La Première Dame fait aussi venir le [petit] styliste Mathieu Berthe­­lat Colin, ancien­­ne­­ment chargé de commu­­ni­­ca­­tion pour la marque Zadig & Voltaire. Le jeune homme est styliste free­­lance depuis 2011 et a prin­­ci­­pa­­le­­ment travaillé à la télé­­vi­­sion pour ‘Bache­­lor’ [Qui paie le styliste, euh, ce blanc-bec : Vous toutes et tous, via l’Elysée, avec vos impôts ? Ou Madame Macron de sa poche ?].

Et à chaque fois, ses looks font mouche. Ce n’est pas un secret, Brigitte Macron est proche de la famille Arnault, et plus particulièrement de Delphine Arnault, la directrice générale adjointe de la maison française. L’année dernière, celle qui n’était pas encore Première dame s’affichait même au défilé Louis Vuitton, à Paris, aux côtés de grandes stars du cinéma comme Léa Seydoux. Mais pourquoi l’épouse du président est-elle si accro à la griffe au monogramme ?

Dans une enquête publiée par ‘Capital.fr’, on apprend que lorsqu’elle enseignait à Paris, au lycée privé Franklin, Brigitte Macron était la professeure de français de Frédéric et Jean, les plus jeunes fils de Bernard Arnault. Puis Brigitte Macron a rencontré Delphine Arnault en 2014. Enfin la Picarde Brigitte Macron a sympathisé avec Delphine lors d’un déjeuner à New York à l’été 2014.

Delphine Arnault et Brigitte Macron étaient accompagnées de leurs conjoints respectifs, Emmanuel Macron et Xavier Niel. Depuis, l’épouse du président porte du Vuitton à chacune de ses sorties officielles » [ndmg – Delphine Arnault, Brigitte Macron, Emmanuel Macron, Xavier Niel, que du « petit peuple »…].

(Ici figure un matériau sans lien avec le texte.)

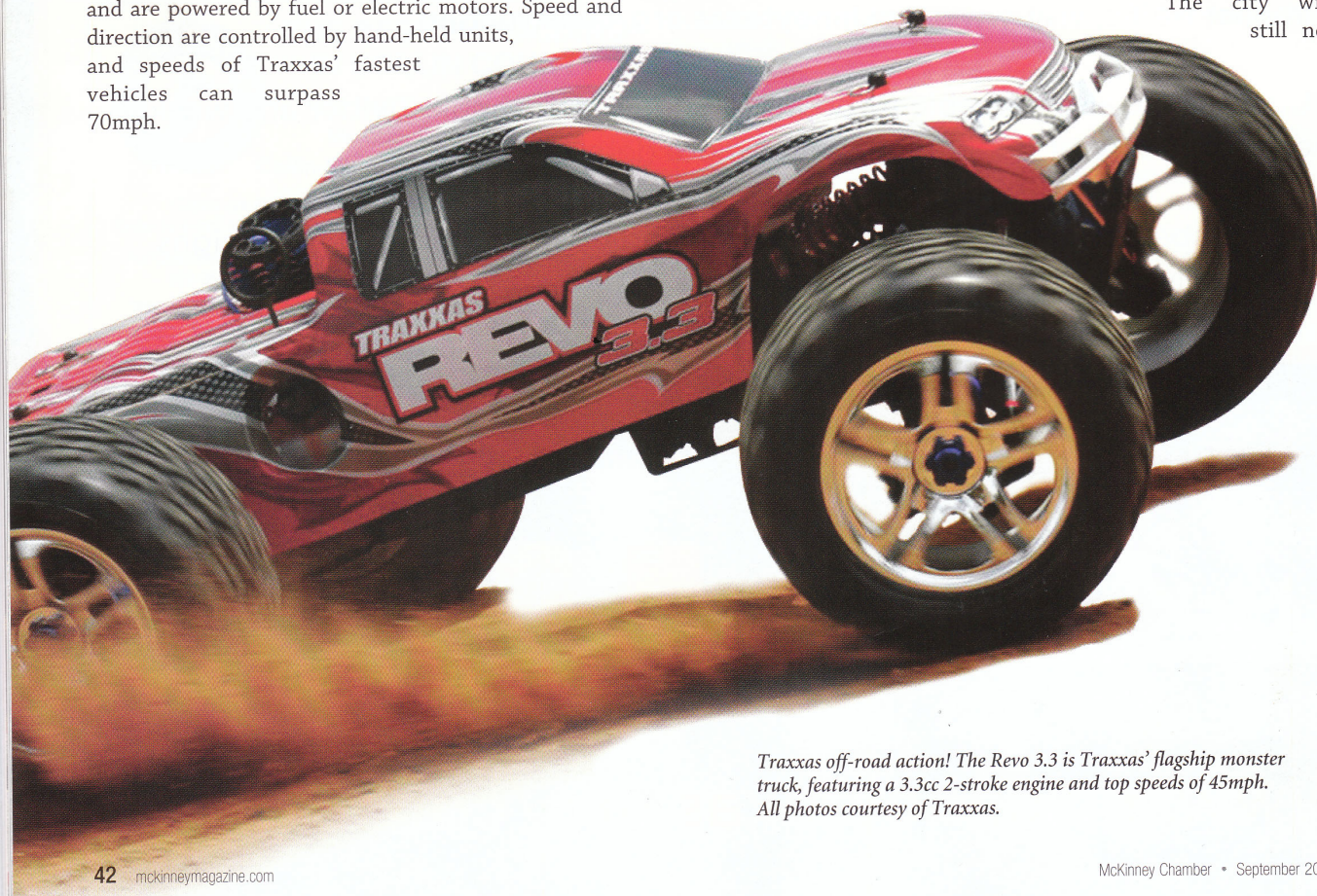
Traxxas off-road action! The Revo 3.3 is Traxxas' flagship monster truck, featuring a 3.3cc 2-stroke engine and top speeds of 45mph.

Et si effectivement, la Première dame arbore régulièrement des jolis looks signés LV, en revanche, il s’agit systématiquement de « prêts » [ndmg – ce ne serait pas l’Elysée qui paie la note ; et ce serait Brigitte Macron qui règle­rait les émolu­ments ; mais on en voudrait bien la preuve, juste pour éviter les malentendus…].

La First Lady a aussi fait quelques infidélités à Louis Vuitton. On l’a récemment vue en veste Balmain – ce qui a enchanté son créateur, Olivier Rousteing, sur Instagram – ainsi qu’en robe Courrèges (fin des extraits adaptés et commentés  ; voir lien vers source en bas de page). Voilà pour Macron, Vuitton, Rousteing, Balmain, Arnault, Niel, Seydoux, Berthe­­lat Colin, Ghesquière, toutes et tous cités dans la presse féminine, pipole et stéréotypée, une vraie radioscopie sociologique et historique de la France d’en Haut.